Word for word, please copy the listing below, with its pictures left out.

***** Information provided *****

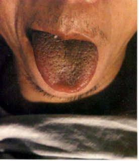 Description: Deep red and thin tongue, thick, yellow and dry coating
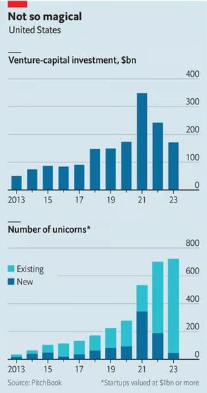 調査会社のピッチブックによれば、ベンチャーキャピタル(VC)会社が米国で昨年実行した投資は1700億ドルにすぎず、2021年の半分にとどまった。
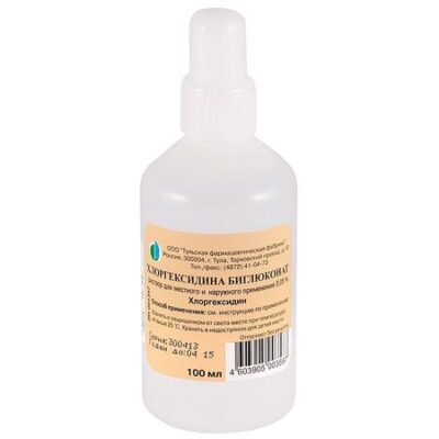 Показания При местном и наружном применении не абсорбируется в системный кровоток и не оказывает системного действия. Фармакологическое действие Антисептическое средство. Хлоргексидин проявляет бактерицидное действие (в отношении грамположительных и грамотрицательных бактерий) — при температуре 22°С и воздействии в течение 1 мин; фунгицидное действие при температуре 22°С и воздействии в течение 10 мин; вирулицидное действие (в отношении липофильных вирусов). На споры бактерий действует только при повышенной температуре. Стабилен, после обработки кожи сохраняется на ней в некотором количестве, достаточном для проявления бактерицидного эффекта. Сохраняет активность (хотя несколько сниженную) в присутствии крови, гноя, различных секретов и органических веществ. Не оказывает повреждающего действия на предметы, изготовленные из стекла, пластмассы и металлов. Лекарственное взаимодействие Применяется в нейтральной среде; при рН 5-8 разница в активности невелика; при рН более 8 выпадает осадок. Не применяют в сочетании с анионными соединениями, в т.ч. с мылом. Несовместим с карбонатами, хлоридами, фосфатами, боратами, сульфатами и цитратами. Применение жесткой воды снижает бактерицидные свойства. Совместим с лекарственными средствами, содержащими катионную группу (бензалкония хлорид, цетримония бромид).

*****

The answer
 Description: Deep red and thin tongue, thick, yellow and dry coating
 調査会社のピッチブックによれば、ベンチャーキャピタル(VC)会社が米国で昨年実行した投資は1700億ドルにすぎず、2021年の半分にとどまった。
 Показания При местном и наружном применении не абсорбируется в системный кровоток и не оказывает системного действия. Фармакологическое действие Антисептическое средство. Хлоргексидин проявляет бактерицидное действие (в отношении грамположительных и грамотрицательных бактерий) — при температуре 22°С и воздействии в течение 1 мин; фунгицидное действие при температуре 22°С и воздействии в течение 10 мин; вирулицидное действие (в отношении липофильных вирусов). На споры бактерий действует только при повышенной температуре. Стабилен, после обработки кожи сохраняется на ней в некотором количестве, достаточном для проявления бактерицидного эффекта. Сохраняет активность (хотя несколько сниженную) в присутствии крови, гноя, различных секретов и органических веществ. Не оказывает повреждающего действия на предметы, изготовленные из стекла, пластмассы и металлов. Лекарственное взаимодействие Применяется в нейтральной среде; при рН 5-8 разница в активности невелика; при рН более 8 выпадает осадок. Не применяют в сочетании с анионными соединениями, в т.ч. с мылом. Несовместим с карбонатами, хлоридами, фосфатами, боратами, сульфатами и цитратами. Применение жесткой воды снижает бактерицидные свойства. Совместим с лекарственными средствами, содержащими катионную группу (бензалкония хлорид, цетримония бромид).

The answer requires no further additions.